Here, x1, x2, and so on represent the arguments (sumti) that are
accepted in the predicate (bridi) when these gismu play
the role of a selbri. The arguments are optional, but if present,
their order in the bridi helps us interpret the sentence.
Lojban tanru
A selbri can be also a tanru, which is a metaphor, built
with a set of brivla. Examples are:
-
mi sutra bajra (I am a quick runner / I run quickly / I quickly
run).
-
do barda nanla (you are a big boy).
-
mi dunda patfu (I am the father-who-gives).
wherein:
-
sutra: x1 is fast/swift/quick/hasty/rapid at doing/being/bringing
about x2 (event/state).
-
bajra: x1 runs on surface x2 using limbs x3 with gait x4.
-
nanla: x1 is a boy/lad (young male person) of age x2 (immature)
by standard x3.
Note that the meaning of a tanru may be fuzzy.
In a tanru, the left part is called the seltau; it is
a modifier for the rightmost brivla in the tanru, which
is called the tertau. A tanru has the place structure of
its tertau.
A tanru may be more complex, with more than two brivla.
Complex tanru have a semantical "left-grouping rule"
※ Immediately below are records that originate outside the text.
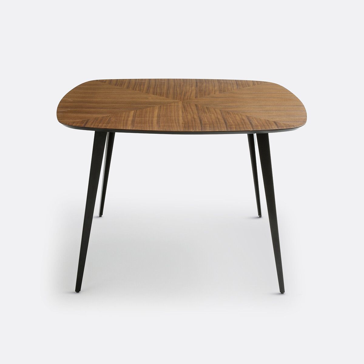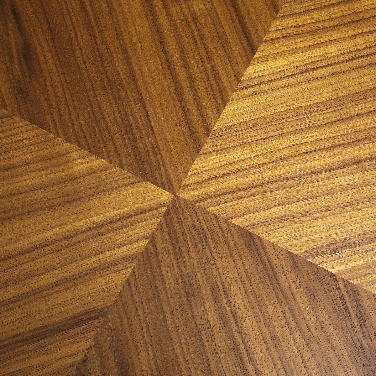— Квадратная столешница из МДФ, закругленные края, мозаика из ореха, покрытие нитролаком.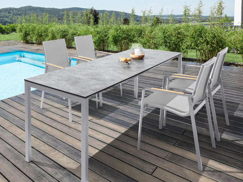 HPL rozťahovací stôl je ideálny pre tých, ktorí hľadajú flexibilitu a štýl pre svoj vonkajší priestor. S týmto stolom môžete ľahko prispôsobiť veľkosť stola podľa potreby, aby ste mohli pohodlne usadiť viac hostí.
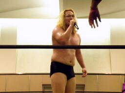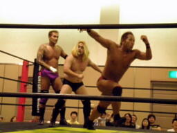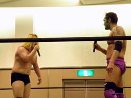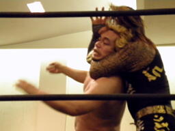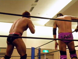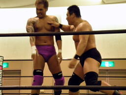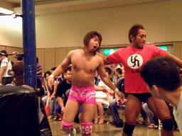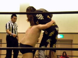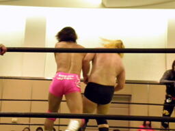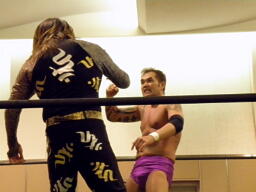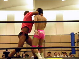 マイケルと石井リングに戻ってエルボーの打ち合い(左写真)。マイケルがボディスラム、カウント2。またエルボーの打ち合い、マイケルロープに飛ぶ、石井ドロップキック、マイケル場外に。高木と矢郷が戻る。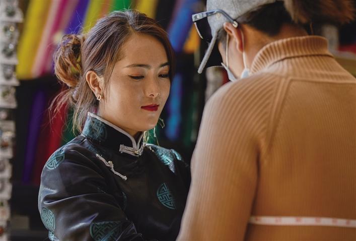 “老板,你家還有這款藏裝嗎?我想要一款?!痹谠摰陜?nèi),市民卓嘎拿出手機,指著格桑措姆錄制的藏裝短視頻說道?!坝械?,這是我們今年推出的新款,是對傳統(tǒng)的藏裝進行了改良,主要是體現(xiàn)在領口處,改良后的藏裝對領口部位進行了復古簡約化設計,使其兼具美觀性與舒適性,再搭配一個‘卡烏’堪稱完美?!备裆4肽方榻B道。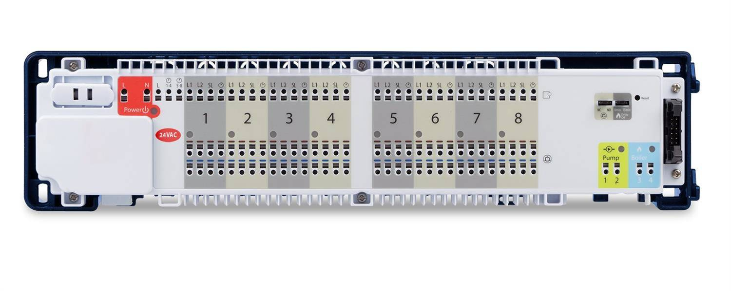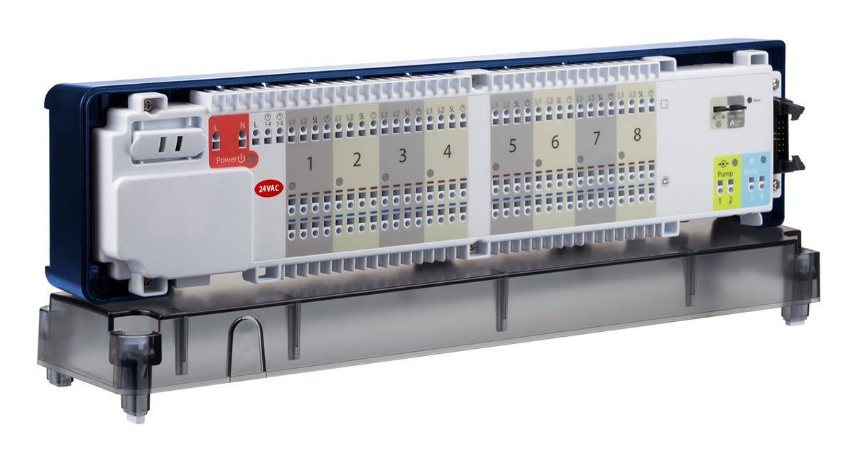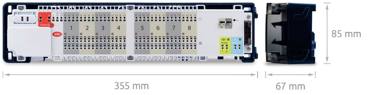Listwa umożliwia łatwe i szybkie podłączenie przewodowych regulatorów temperatury oraz siłowników metodą PLUG-IN. Posiada zintegrowany moduł sterowania pompą i kotłem oraz zabezpieczenie przed przeciążeniem. Listwa przystosowana jest do pracy z siłownikami typu NC (bezprądowo zamkniętymi) i NO (bezprądowo otwartymi).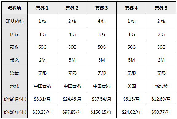 以下是幾款比較熱門的配置,默認CN2帶寬,均支持Linux和Windows操作系統,更多配置可到官網了解。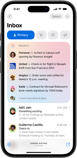 Priority messages in Mail elevate time-sensitive messages to the top of your inbox — like an invitation that has a deadline today or a check-in reminder for your flight this afternoon.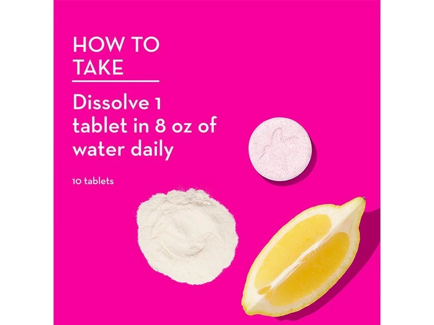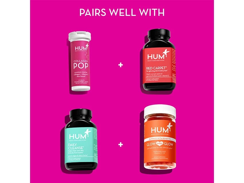 Promote hydration, elasticity and firmness using HUM Nutrition Collagen Pop + Vitamin C Dissolvable Tablets.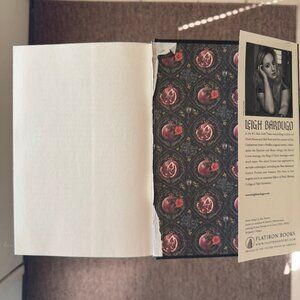 Hardcover, 2024. Gothic, magical realism/historical fiction novel by the author of the Hell Bent and Shadow & Bone series. Black sprayed edges all the way around. Beautiful gothy pomegranate patterned art inside the covers. Good condition, but the front and back pages appear to be torn out as shown. Does not affect the necessary pages.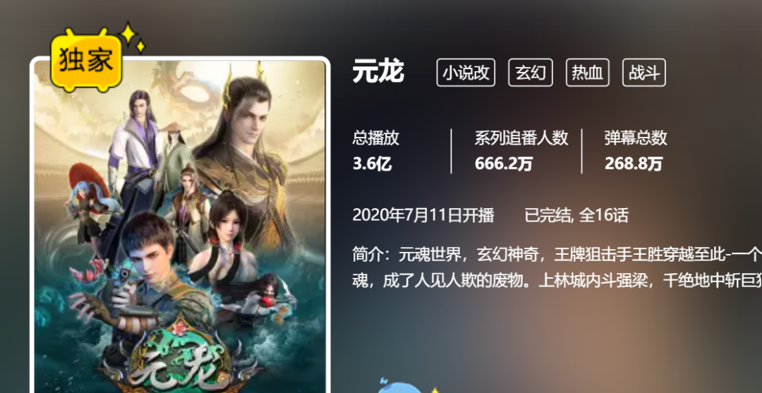 《元龙》动画在B站播放量3.6亿,追番人数666.2万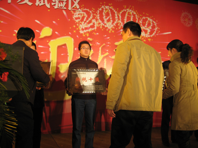 在联欢会开始前,新站综合开发试验区领导向前来参加联欢会外商投资五强、纳税十强企业代表等发表了热情洋溢的致辞,表彰了为合肥市经济建设做出突出贡献的企业,并颁发了“纳税十强”的奖牌。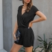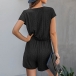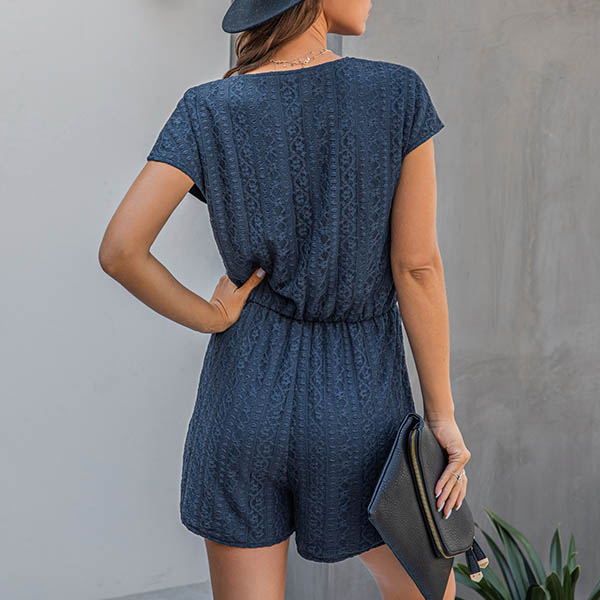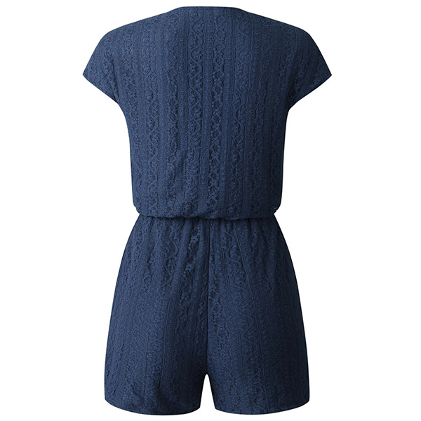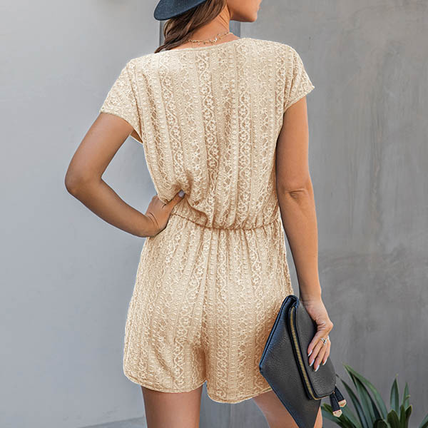 Fashion Short Sleeve V-neck Elastic Waist Lace Romper

that can be overridden using the cmavo bo, which acts as a top-priority
operator. For example, with the following additional vocabulary...
-
cmalu: x1 is small in property/dimension(s) x2 (ka) as compared
with standard/norm x3.
-
nixli: x1 is a girl (young female person) of a general age
x2 (immature) by standard x3.
-
ckule: x1 is a school/institute/academy at x2 teaching subject(s)
x3 to audience x4 operated by x5.
...you can build the following complex tanru, used as selbri
in an example bridi that all mean "this is a small girl school,"but
whose meanings are clearer than in the English equivalent:
-
ta cmalu nixli ckule ("left-grouping rule" semantics)
"This is a small girl school."
-
ta cmalu bo nixli ckule (carries the same meaning as above):
"This is a small-girl school—in other words, a school for
small girls."
- ta cmalu nixli bo ckule (carries a different meaning):
"This is a small girl-school -- in other words, a small school
for girls."
You can model a tanru with a variant of the UML Composite Pattern,
as shown in Figure 4.
Figure 4: Lojban tanru basic structure
Do you remember the lujvo, which is a kind of brivla? I
said a lujvo is derived from a combination of gismu. The
Lojban vocabulary is founded on a list of 1350 gismu, and building
lujvo is the only way to extend this vocabulary. A lujvo
is built by contracting a tanru and fixing its meaning (via the
usage context).
Let's consider:
-
gerku: x1 is a dog/canine of species/breed x2.
-
zdani: x1 is a nest/house/lair/den/ for x2.
The following tanru
means "a house that has something to do with some dog or dogs."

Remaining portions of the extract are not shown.